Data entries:
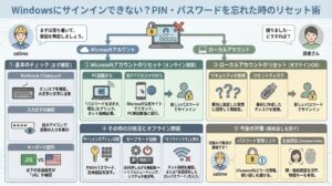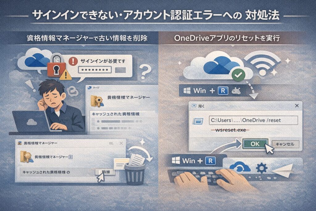 「サインインが必要です」というメッセージが繰り返し表示されたり、正しいパスワードを入力してもログインできなかったりする場合、PC内の認証情報に不整合が起きている可能性が高いです。
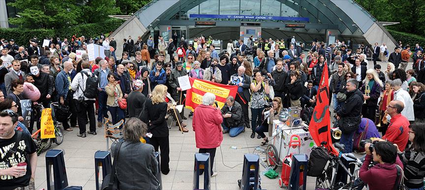 Yerel saatle 13.00'de toplanan yaklaşık 200 kişilik grup, kapitalizm karşıtı pankartlar açarak protesto gösterisinde bulundu. Canary Wharf'ta birçok banka ve yatırım şirketinin binasının bulunduğu meydanda toplanan kalabalığın protestosu sırasında yoğun güvenik önlemleri alındı.
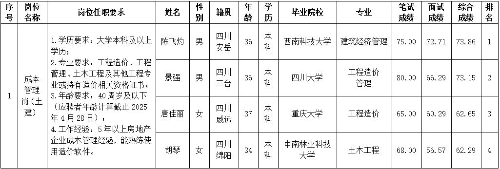根據(jù)綿陽市綿投置地有限公司發(fā)布的招聘公告及招聘相關(guān)規(guī)定,經(jīng)筆試、面試等程序,現(xiàn)將筆試面試成績予以公示。
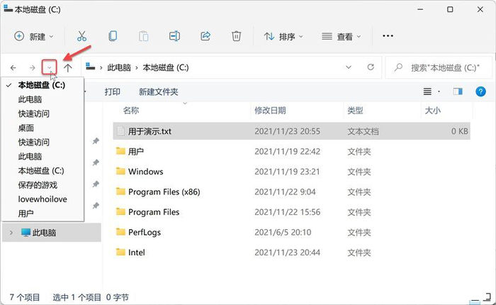 在多次切换磁盘或目录后,会留下一些访问历史记录,点击红色框标记的下拉按钮,即可看到访问的历史记录。
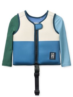 Gilet de natation en néoprène avec des manches longues, offrant une vraie liberté de mouvement à nos petits nageurs : parfait pour prendre confiance dans l'eau. Le gilet Riverside a un joli design avec ses blocs de couleurs bleu et vert.
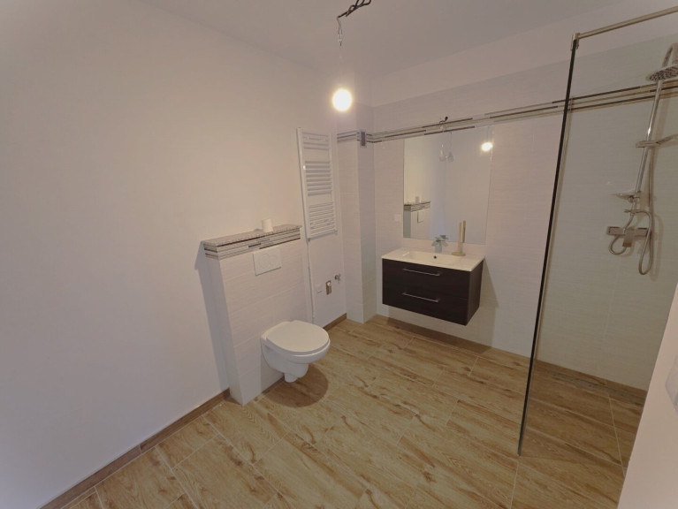 - Badezimmer/WC: 7,38m² (moderne Dusche, Handwaschbecken, verfliest, Toilette, Waschmaschinenanschluss und Platz für Trockner)
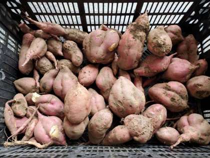 長いつるを引っ張って取ったら、スコップや手で、丁寧に掘っていきます。
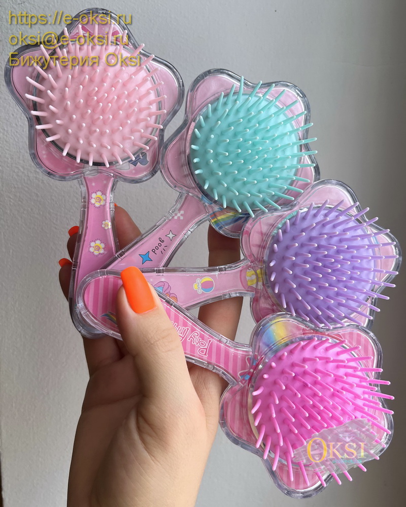 Яркая, красивая и необычная расческа-шейкер напоминающая погремушку. На внешней стороне, внутри расчески находится ''пересыпашка'' из блесток различных форм. Цена за 1 шт
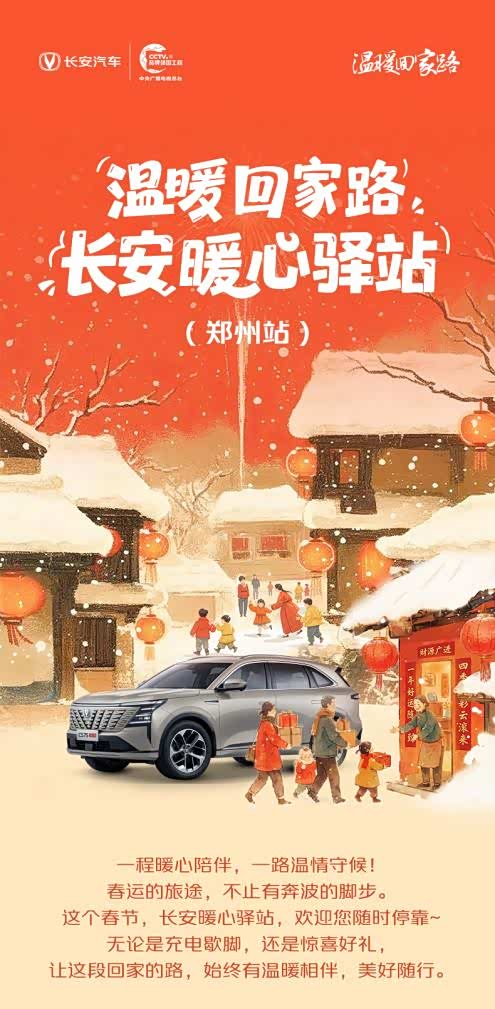 1月24日,伴随2026年春运正式拉开帷幕,长安汽车“温暖回家路·长安暖心驿站”在郑州客运北站温情启程。这是长安汽车连续第七年开展此项暖心服务活动,七年如一日的坚守不仅彰显了企业的社会责任,更传递出民族品牌服务民生的温暖担当。
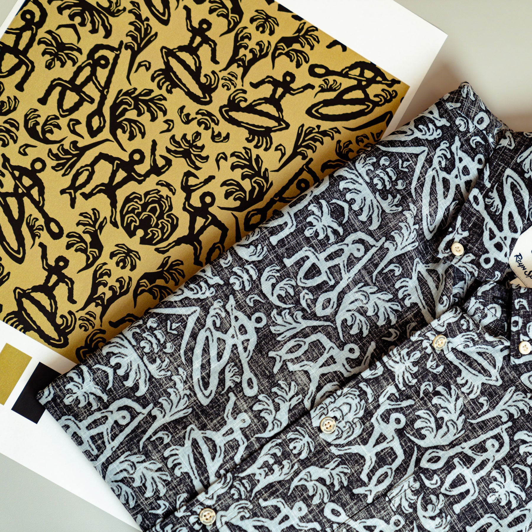Archive print, 2012. Created by the late Big Island artist Dietrich Varez, this print features Varez’s unique block print art style in a design that depicts petroglyph-like figures enjoying surfing, paddle boarding and fishing.

> TASK BRIEF
Your answer must be an exact copy of the records, without the pictures.

> RESPONSE FOR THIS EXERCISE
 「サインインが必要です」というメッセージが繰り返し表示されたり、正しいパスワードを入力してもログインできなかったりする場合、PC内の認証情報に不整合が起きている可能性が高いです。
 Yerel saatle 13.00'de toplanan yaklaşık 200 kişilik grup, kapitalizm karşıtı pankartlar açarak protesto gösterisinde bulundu. Canary Wharf'ta birçok banka ve yatırım şirketinin binasının bulunduğu meydanda toplanan kalabalığın protestosu sırasında yoğun güvenik önlemleri alındı.
根據(jù)綿陽市綿投置地有限公司發(fā)布的招聘公告及招聘相關(guān)規(guī)定,經(jīng)筆試、面試等程序,現(xiàn)將筆試面試成績予以公示。
 在多次切换磁盘或目录后,会留下一些访问历史记录,点击红色框标记的下拉按钮,即可看到访问的历史记录。
 Gilet de natation en néoprène avec des manches longues, offrant une vraie liberté de mouvement à nos petits nageurs : parfait pour prendre confiance dans l'eau. Le gilet Riverside a un joli design avec ses blocs de couleurs bleu et vert.
 - Badezimmer/WC: 7,38m² (moderne Dusche, Handwaschbecken, verfliest, Toilette, Waschmaschinenanschluss und Platz für Trockner)
 長いつるを引っ張って取ったら、スコップや手で、丁寧に掘っていきます。
 Яркая, красивая и необычная расческа-шейкер напоминающая погремушку. На внешней стороне, внутри расчески находится ''пересыпашка'' из блесток различных форм. Цена за 1 шт
 1月24日,伴随2026年春运正式拉开帷幕,长安汽车“温暖回家路·长安暖心驿站”在郑州客运北站温情启程。这是长安汽车连续第七年开展此项暖心服务活动,七年如一日的坚守不仅彰显了企业的社会责任,更传递出民族品牌服务民生的温暖担当。
Archive print, 2012. Created by the late Big Island artist Dietrich Varez, this print features Varez’s unique block print art style in a design that depicts petroglyph-like figures enjoying surfing, paddle boarding and fishing.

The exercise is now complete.